While digital technologies proliferate fake news and exacerbate the obscuring of evidence and reasoning, transmediale considers how refusal can take hold in the deeply personal and subjective realm of belief. As a means of upholding values and creating futures, belief is observed not just as something to be disrupted by refusal, but also as the force that can instigate it.
In the process of rejection of old systems and relations, compromise arises as a step towards a restructuring rather than an ending. However, the shared values and obligations that are required can cause tensions and frictions. transmediale then asks—how to negotiate such bad relations?

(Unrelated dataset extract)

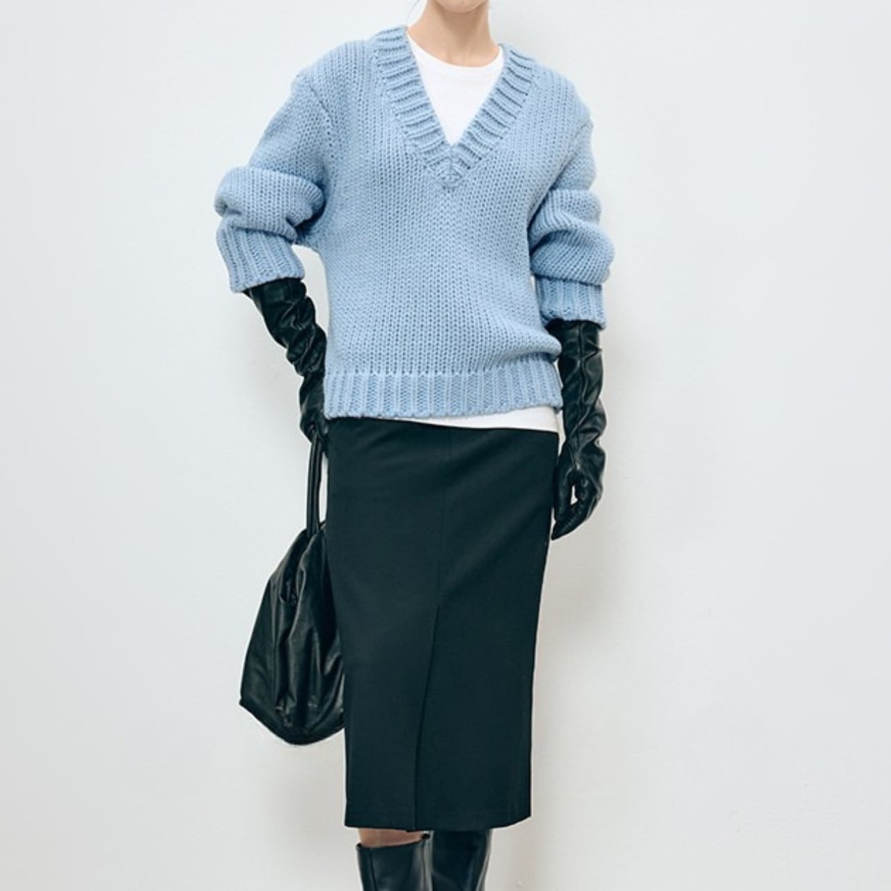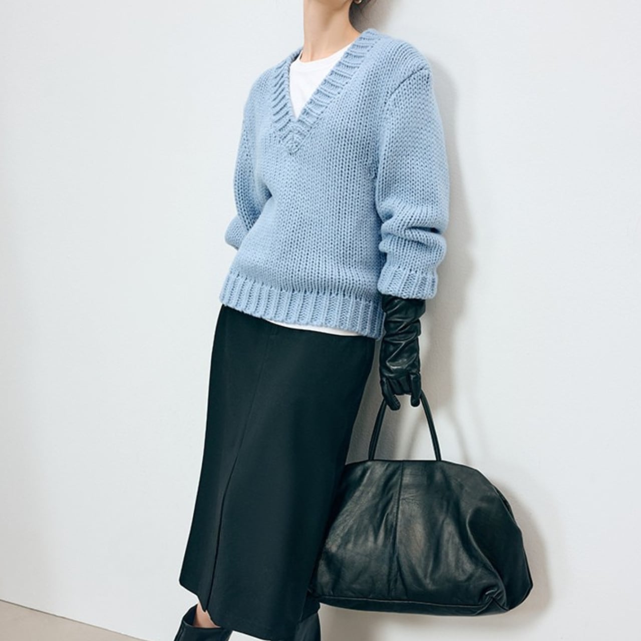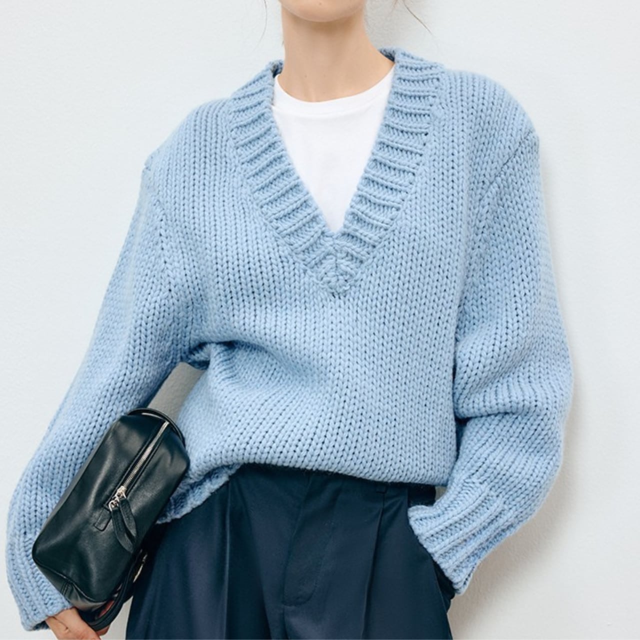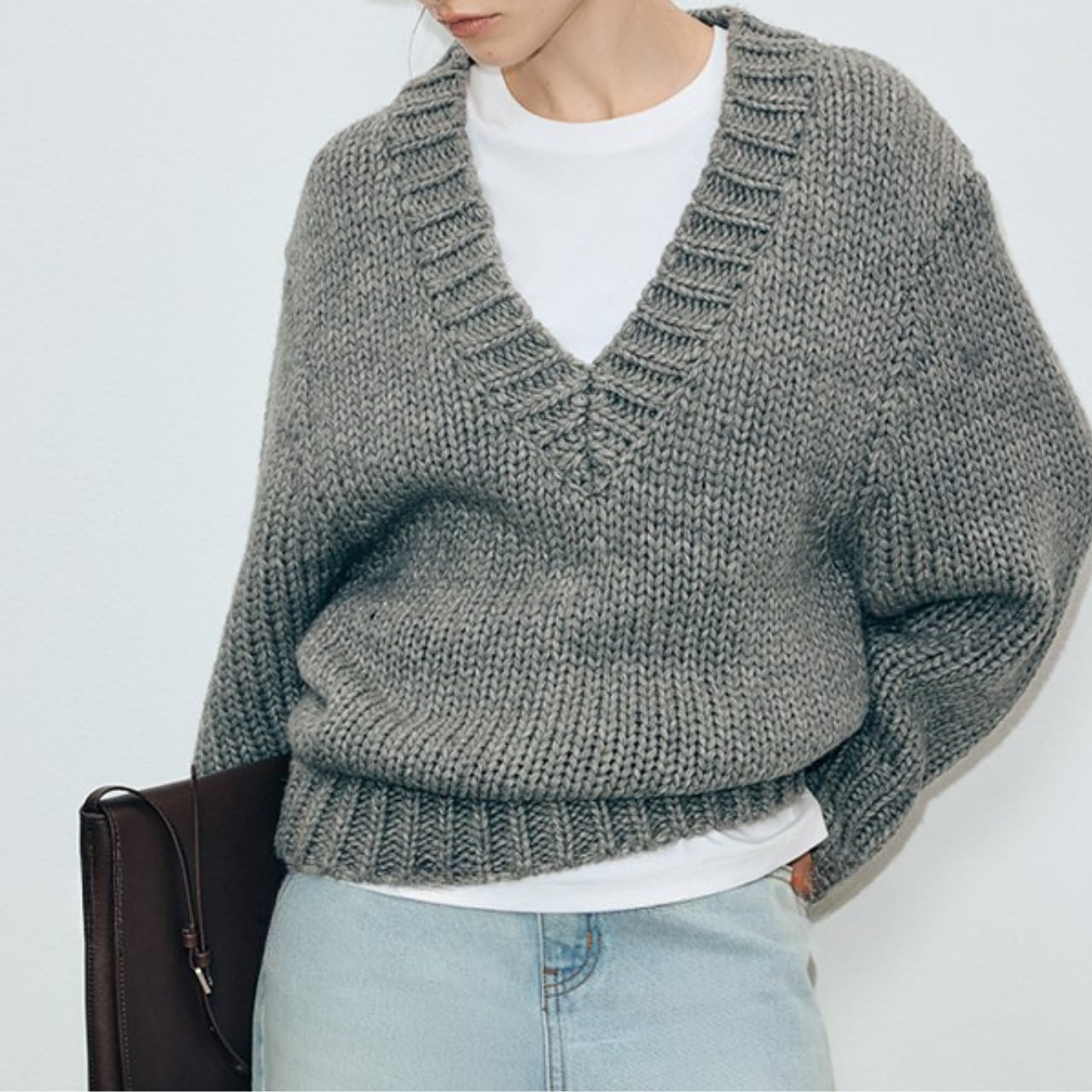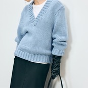 Vネックがシャープな印象を与える、オーバーサイズニット。

And how to utilize refusal for new configurations and imaginaries of social and political relations?
Under the title ‘abandon all hope ye who enter here’—which takes inspiration from Dante’s ‘Inferno’—transmediale’s group exhibition, curated by Lorena Juan and Nora O Murchú, launches on January 26th at Akademie der Künste and digitally via guided video calls. Through the works of nine artists and collectives—Tianzhuo Chen, Constant Dullaart, Ibiye Camp, Annex, Cihad Caner, Lo-Def Film Factory, The Underground Division, Stine Deja and Alaa Mansour—it is set to display obscured realities and failed promises of our techno-solutionist culture and show what refusal can look like in a computationally altered world. Problematizing our attachment to technology that remains steady even as deteriorating social, economic and environmental conditions eclipse our techno-optimism, the exhibition asks: how can we refuse the technological hellscape of our own making?
The two-day symposium titled ‘This is Not Anarchy, This is Chaos’ further builds on these ideas in a series of live-streamed talks, lectures and films featuring artists, theorists and activists who exercise refusal of technological delusions through their work. Revolving around the festival’s focus on belief and compromise, DAY 1 will draw attention to how desire and fantasy drive computational damage and fracture collective reasoning, followed by examinations of economic values leveraged to generate compromise, scarcity and debt on DAY 2.
With this, transmediale 2021–22 will complete a year of rigorous reckoning with technology’s grip on the world and its possible futures. Together with the diverse program that preceded it, the final exhibition and symposium will offer exciting insights and ideas on the material, technological and cultural aspects of refusal by some of the leading authorities on digital art and culture.